EXERCISE MATERIAL: Begin
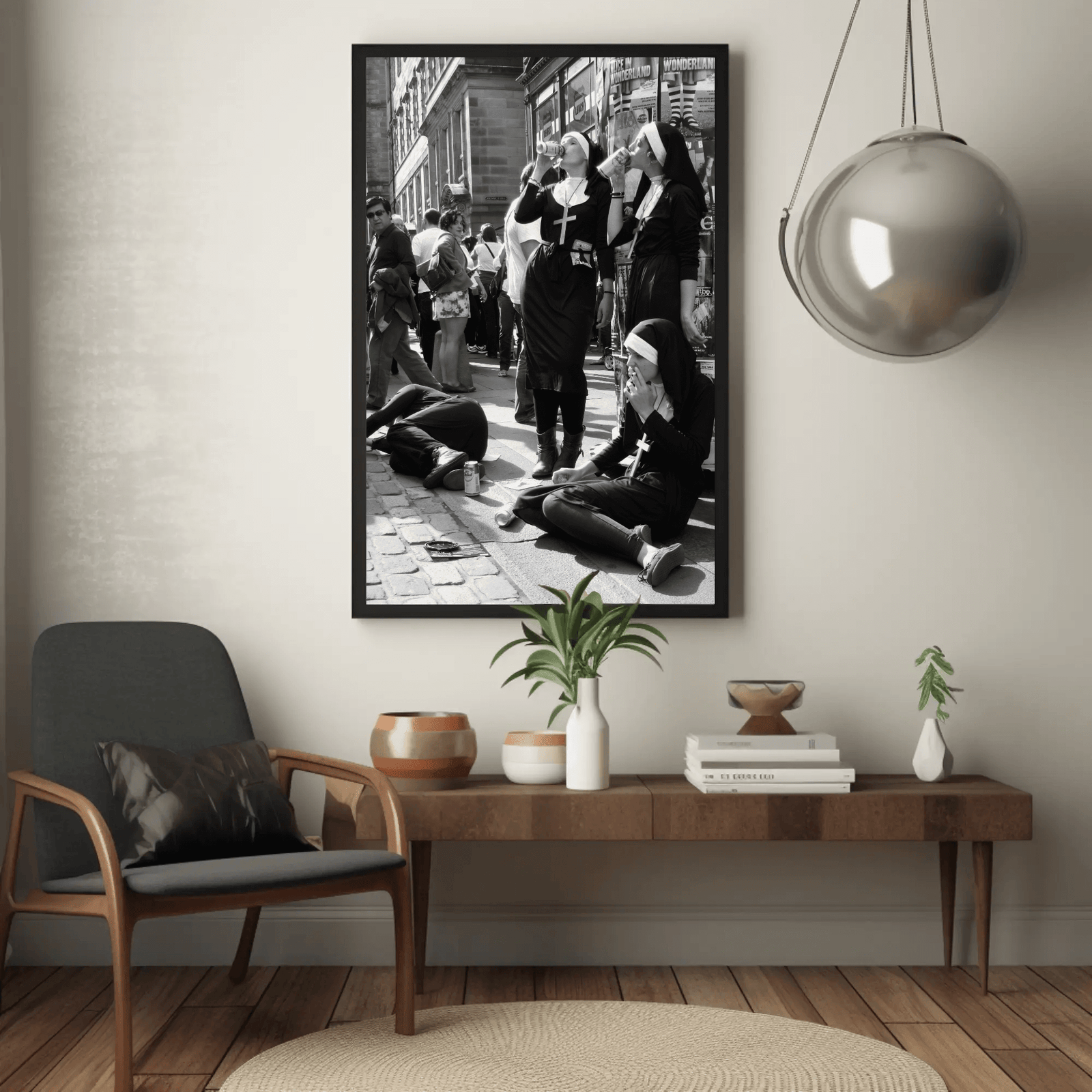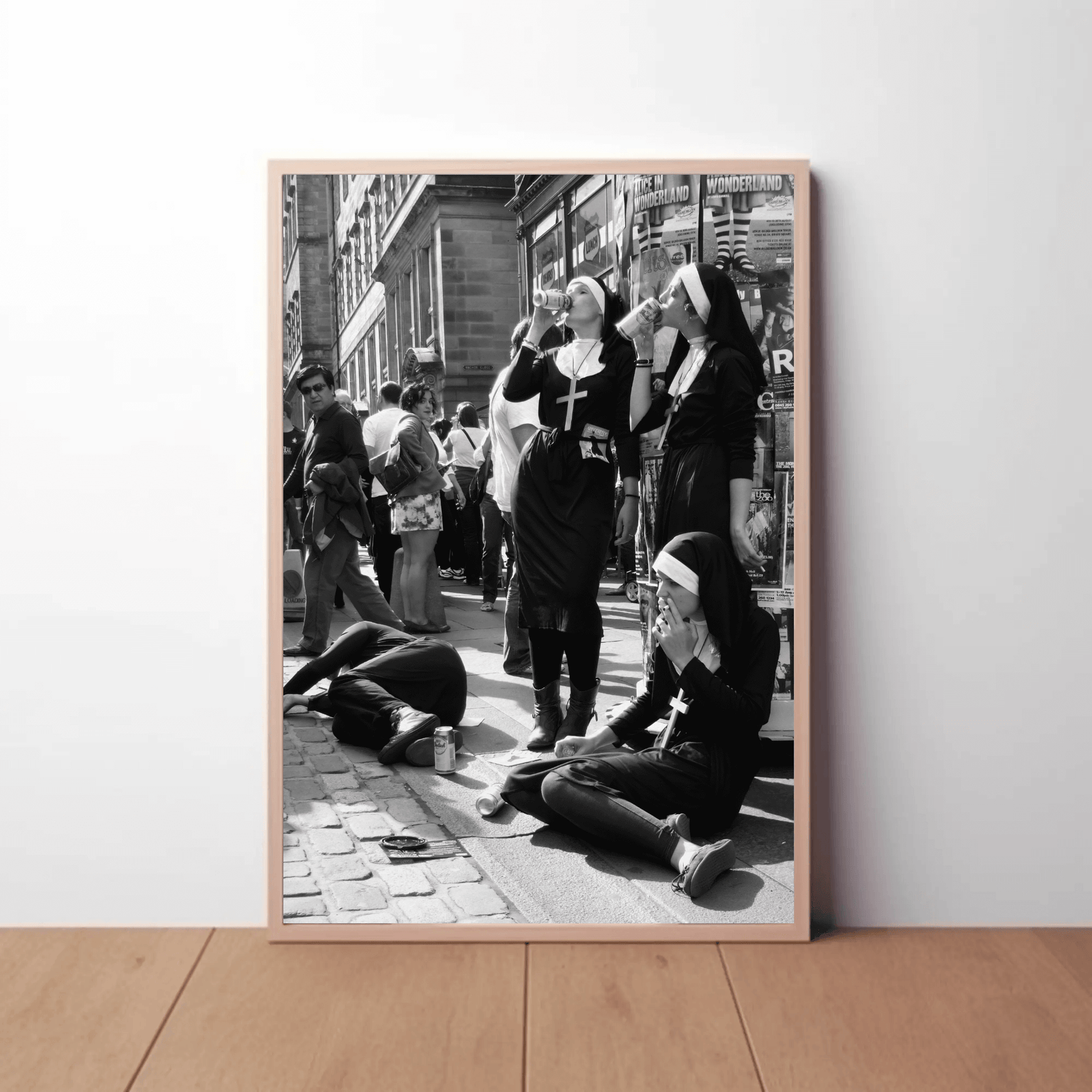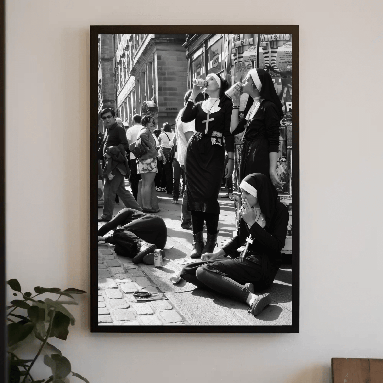 A striking black and white photograph capturing nuns enjoying a casual moment on a busy city street. With its candid composition and playful contrast between sacred and secular, this memorable image brings urban character and wit to any space. Perfect for living rooms, offices, or anyone who loves bold street photography with personality.
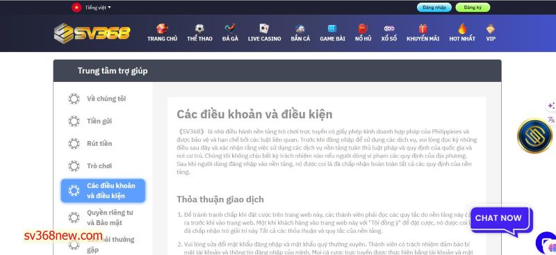 Chính sách điều khoản điều kiện tại nhà cái SV368
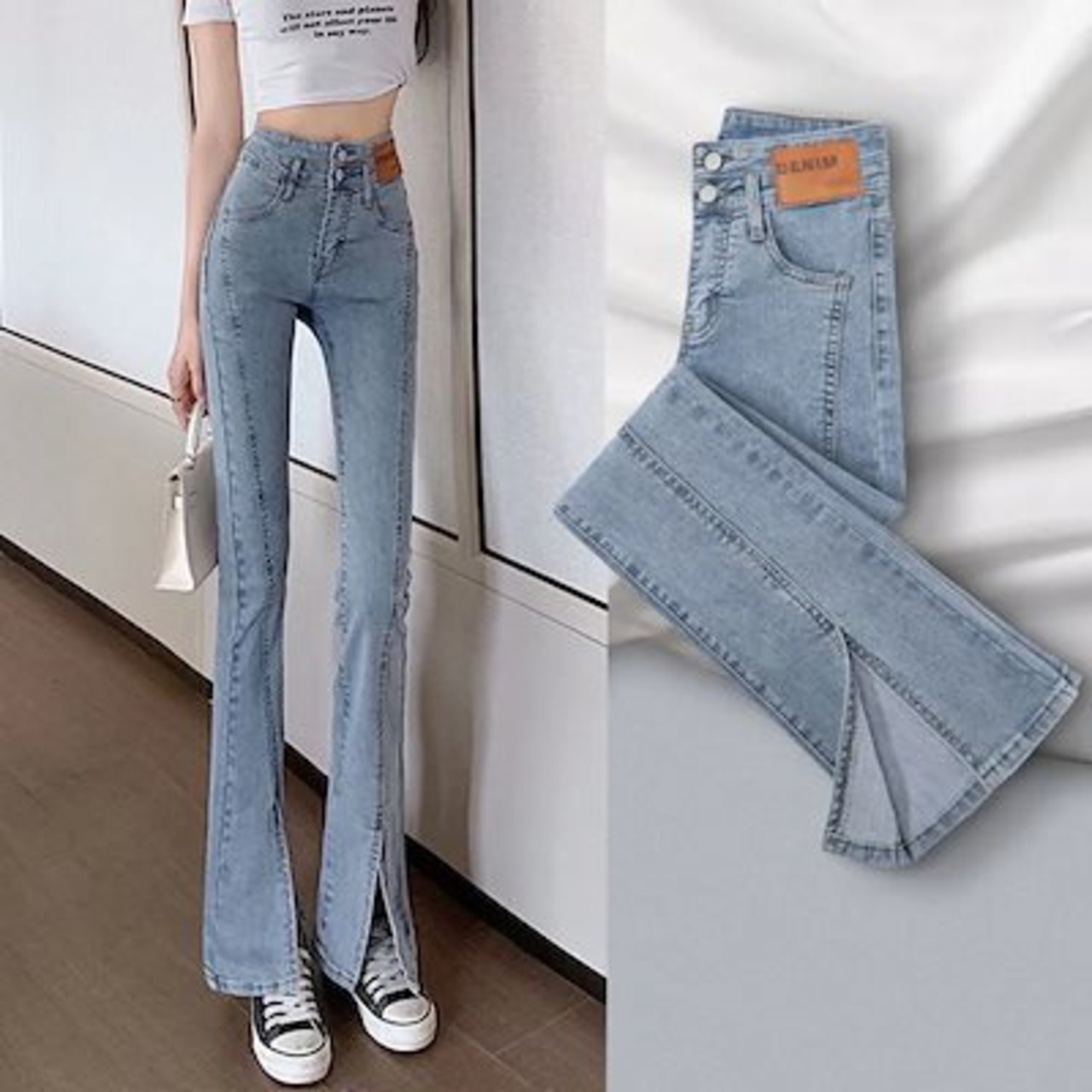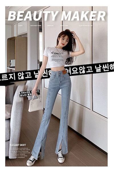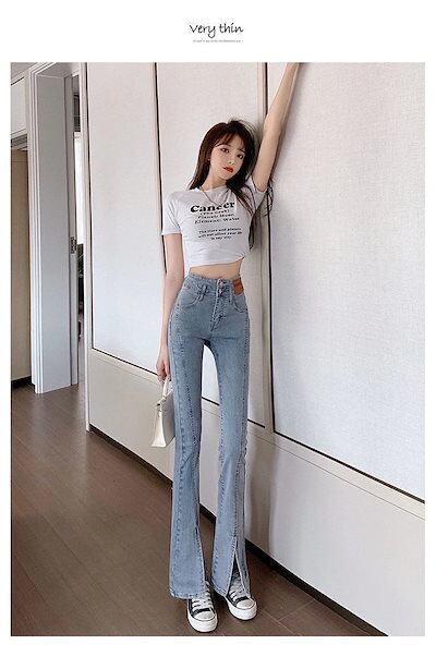 新作 レディース デニムパンツ ジーンズ ロングパンツ ストレートレッグジーンズトワイドパンツ 02
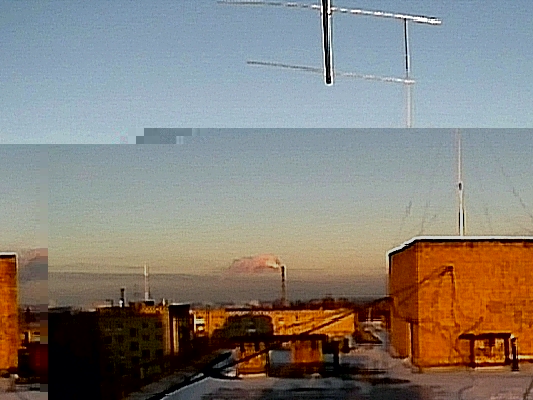 For R4NX . Олег ,мои поздравления с новым местом ! Между нашими штырями 88 метров , вот пара фоток с моей телекамеры(слева от трубы Биохима видно), и просто фотиком с балкона (F=200mm объектив при пересчёте на 24х36 фотокадр) При одном диапазоне- отстроившись на 50-100 кГц - не замечаю твою работу, при смежных - вообще не слышу. 73! Успешно достроить!
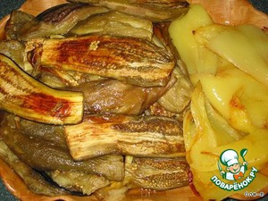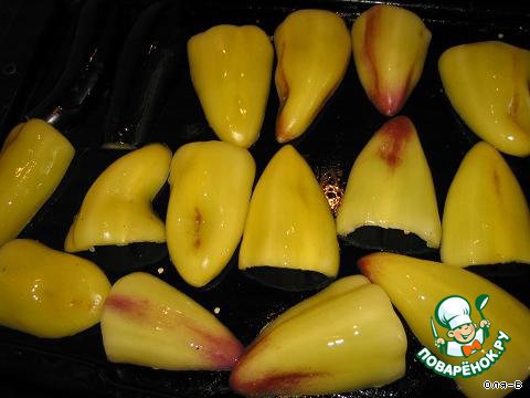Так же поступить с перцем, (противень снова смазать маслом), перец должен немного подрумяниться.
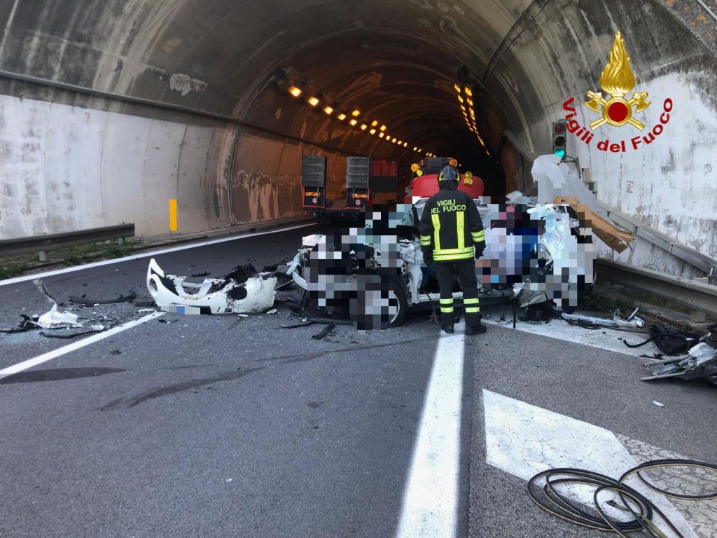 Per cause ancora in fase di accertamento un’auto è andata a scontrarsi con un Tir. Il mezzo pesante ha quasi del tutto schiacciato l’automobile.
EXERCISE MATERIAL: End
> _TASK DETAILS_: Out of the records above, please copy exactly the lines from the line with "Chính sách điều" up to and including the line with "For R4NX . Олег", minus the pictures.

> _SOLVED PROBLEM_:
 Chính sách điều khoản điều kiện tại nhà cái SV368
 新作 レディース デニムパンツ ジーンズ ロングパンツ ストレートレッグジーンズトワイドパンツ 02
 For R4NX . Олег ,мои поздравления с новым местом ! Между нашими штырями 88 метров , вот пара фоток с моей телекамеры(слева от трубы Биохима видно), и просто фотиком с балкона (F=200mm объектив при пересчёте на 24х36 фотокадр) При одном диапазоне- отстроившись на 50-100 кГц - не замечаю твою работу, при смежных - вообще не слышу. 73! Успешно достроить!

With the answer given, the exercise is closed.